-- Data segment follows --

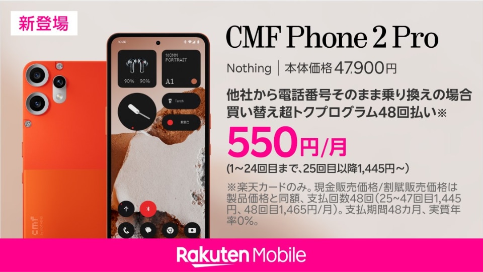 新規で「Rakuten最強プラン」に申し込む場合、1~24カ月目の製品分割価格は、「Phone (3)」が同1750円から、「CMF Phone 2 Pro」が同660円。製品のみ購入の場合、1~24カ月目の製品分割価格は「Phone (3)」が2600円から、「CMF Phone 2 Pro」が880円。
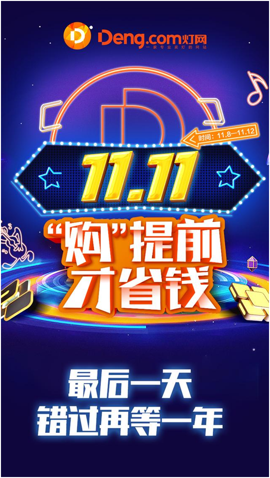隨著這一場光影變換的盛大晚會落幕,雙十一狂歡的尾聲響起。昭示了每一位Deng.com燈網家人的必然相遇,讓我們共同期待著,Deng.com燈網的新起航、新天地!
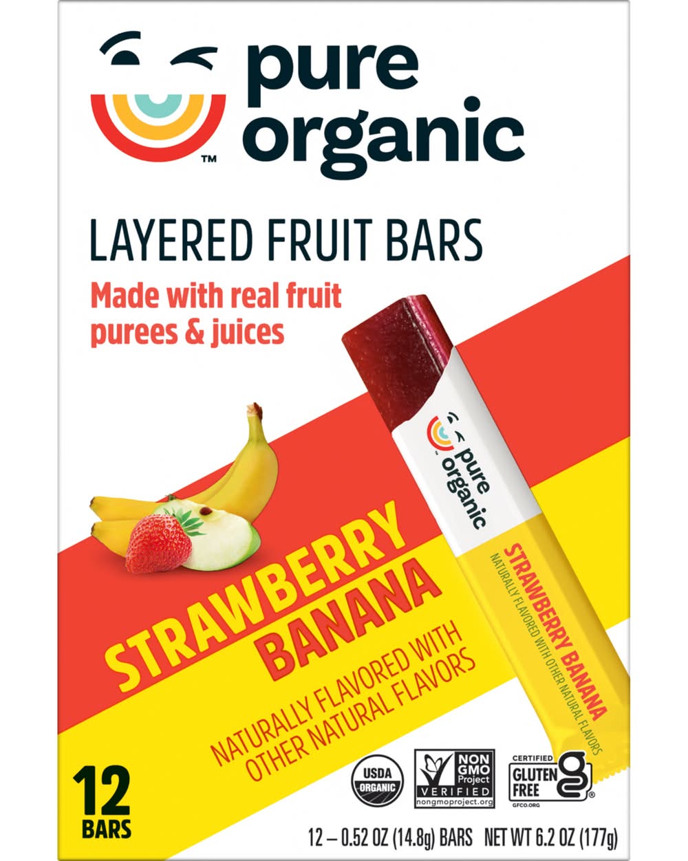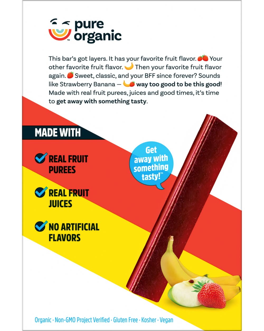 They're just way too good to be this good. These Pure Organic Strawberry Banana layered fruit bars are made with real fruit purees and juices. Tangy, sweet, tasty, and unforgettably stacked with flavor, they're made with simple ingredients. With no artificial flavors or synthetic colors, you can feel good about sharing a delicious moment; Each snack bar is Certified USDA Organic, Non-GMO Project Verified, vegan, gluten free and kosher for guilt-free snacking. Pure Organic snacks are individually wrapped, making them perfect for taking along with you wherever you go including lunch snacks, road trips, and afternoon snacks. We think you're about to get away with something tasty. Packaging: Reusable

-- Data segment concluded --

Required action: Output the data above exactly; pictures do not belong in the copy.

Exercise response:
 新規で「Rakuten最強プラン」に申し込む場合、1~24カ月目の製品分割価格は、「Phone (3)」が同1750円から、「CMF Phone 2 Pro」が同660円。製品のみ購入の場合、1~24カ月目の製品分割価格は「Phone (3)」が2600円から、「CMF Phone 2 Pro」が880円。
隨著這一場光影變換的盛大晚會落幕,雙十一狂歡的尾聲響起。昭示了每一位Deng.com燈網家人的必然相遇,讓我們共同期待著,Deng.com燈網的新起航、新天地!
 They're just way too good to be this good. These Pure Organic Strawberry Banana layered fruit bars are made with real fruit purees and juices. Tangy, sweet, tasty, and unforgettably stacked with flavor, they're made with simple ingredients. With no artificial flavors or synthetic colors, you can feel good about sharing a delicious moment; Each snack bar is Certified USDA Organic, Non-GMO Project Verified, vegan, gluten free and kosher for guilt-free snacking. Pure Organic snacks are individually wrapped, making them perfect for taking along with you wherever you go including lunch snacks, road trips, and afternoon snacks. We think you're about to get away with something tasty. Packaging: Reusable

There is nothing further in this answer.